New Mexico gets its second sportsbook

New Mexico gets its second sportsbook

Santa Ana Pueblo launched New Mexico’s first sportsbook in October of last year at the Santa Ana Star Casino Hotel. It got the jump on other tribes in the state and was able to operate as the sole sportsbook in New Mexico—until now. The Pojoaque Pueblo tribe introduced its own sportsbook, and the second in the state, this past Monday. The local market is just starting to pick up and odds are great that additional competition will soon follow.

New Mexico gets its second sportsbookThe sportsbook is being managed through a partnership between the tribe, the owners of National Sports Book Management (NSBM) and South Point Hotel & Casino and is operating from the Hilton Buffalo Thunder Resort & Casino in Santa Fe. It is the largest casino in Northern New Mexico and is the first to offer wagers on both sports and races.

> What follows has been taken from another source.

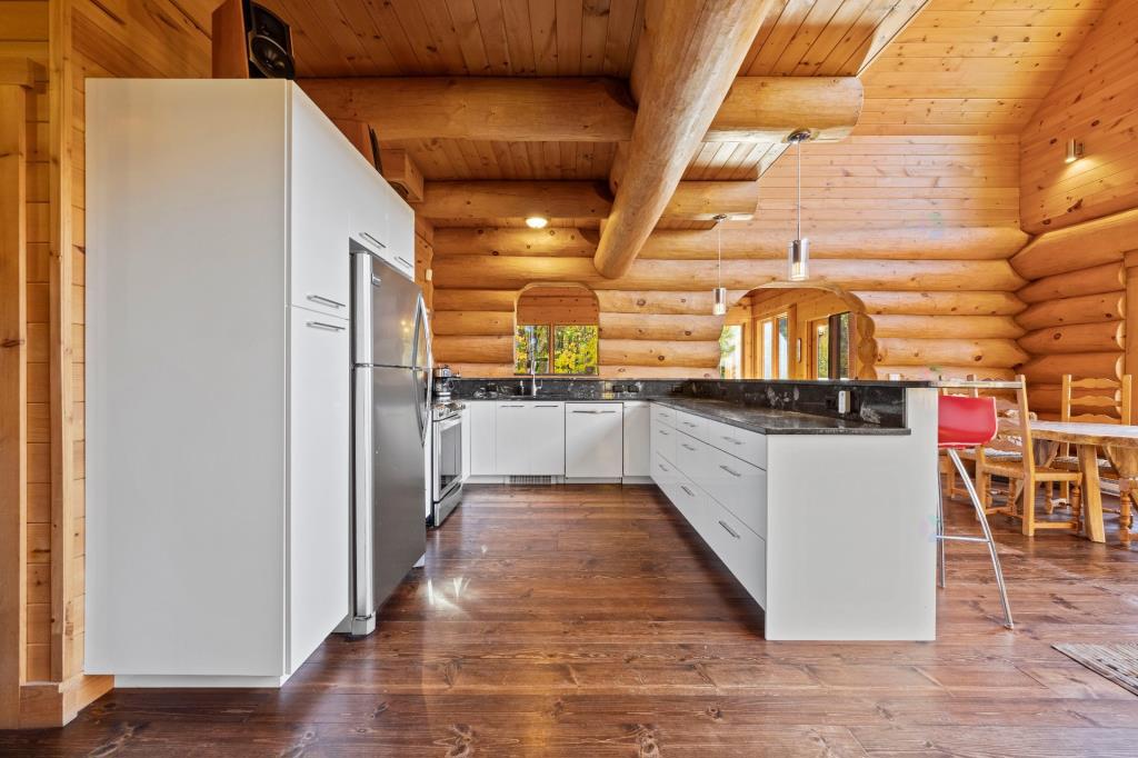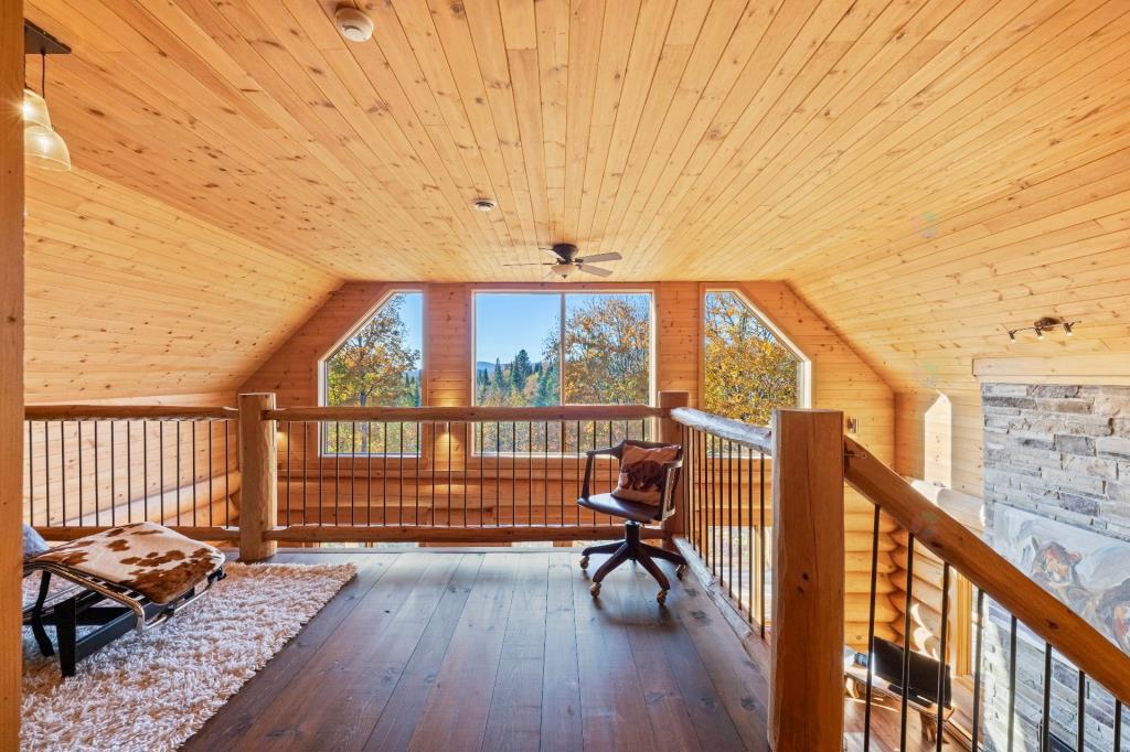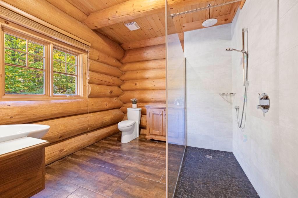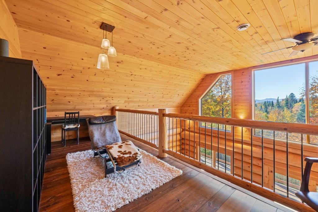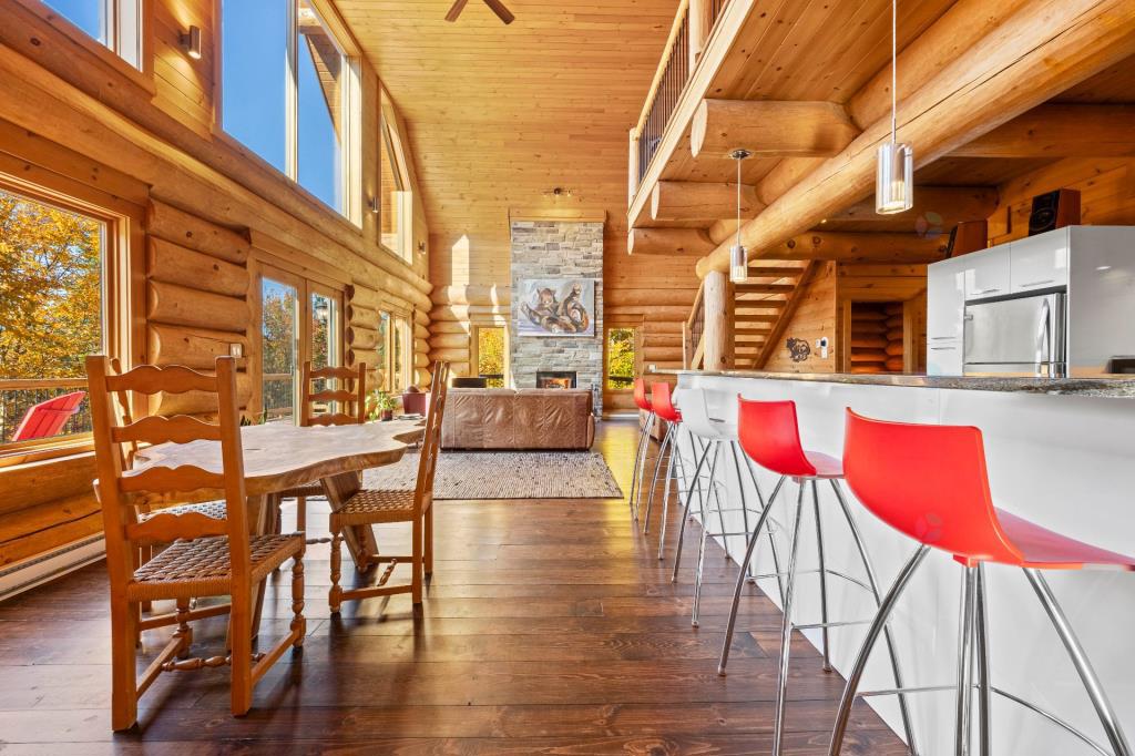 La grande aire ouverte du rez-de-chaussée accueille les visiteurs dans une ambiance douce et feutrée, où le bois rond enveloppe chaque mur, chaque recoin, et crée une atmosphère réconfortante. Le salon, vaste et invitant, est dominé par un foyer au bois qui deviendra sans aucun doute le cœur des soirées d’hiver. On s’y imagine facilement blotti dans un fauteuil, un livre à la main, ou partagé entre amis autour d’un bon vin. L’espace est conçu pour la convivialité tout autant que pour la tranquillité, baigné de lumière et d’harmonie.

NSBM co-founder John Gaughan will see his other company, Las Vegas Dissemination Company, provide a suit of solutions for the sportsbook and for pari-mutuel races. It will install gambling kiosks and offer hardware and software support and will incorporate technology provided by the Stadium Technology Group.

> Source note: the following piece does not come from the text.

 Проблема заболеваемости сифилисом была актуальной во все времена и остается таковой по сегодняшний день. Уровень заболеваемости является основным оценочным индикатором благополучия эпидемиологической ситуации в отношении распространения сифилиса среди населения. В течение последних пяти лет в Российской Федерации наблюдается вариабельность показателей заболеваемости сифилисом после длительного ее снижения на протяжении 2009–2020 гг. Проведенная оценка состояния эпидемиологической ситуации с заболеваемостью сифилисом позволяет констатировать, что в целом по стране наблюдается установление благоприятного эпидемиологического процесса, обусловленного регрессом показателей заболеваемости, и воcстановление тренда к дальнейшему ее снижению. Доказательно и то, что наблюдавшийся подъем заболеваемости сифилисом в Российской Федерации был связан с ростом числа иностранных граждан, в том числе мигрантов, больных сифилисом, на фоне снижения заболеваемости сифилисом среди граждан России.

Since the U.S. Supreme Court reversed the Professional and Amateur Sports Protection Act of 1992 (PASPA) last May, only a few states have already implemented legalized sports gambling, but more are prepared to follow. New Mexico does not have any legislation in place that specifically addresses the activity; however, state lawmakers have interpreted compacts between the tribes and the state as giving the tribes the green light to launch their own sports gambling solutions.

According to New Mexico Attorney General spokesman David Carl, “Sports betting at the Santa Ana Star Casino is governed by the Pueblo of Santa Ana Gaming Regulatory Commission. As such, we will closely monitor New Mexico’s tribal gaming compacts and work with the legislature for proper statutory and regulatory oversight to require responsible gaming and enhanced integrity to create an even playing field for all.”

With two tribes already signed on to offer sports gambling, it’s certainly possible that the market is going to see more competition soon. There are 23 Indian tribes in the state and, of these, 14 own casinos.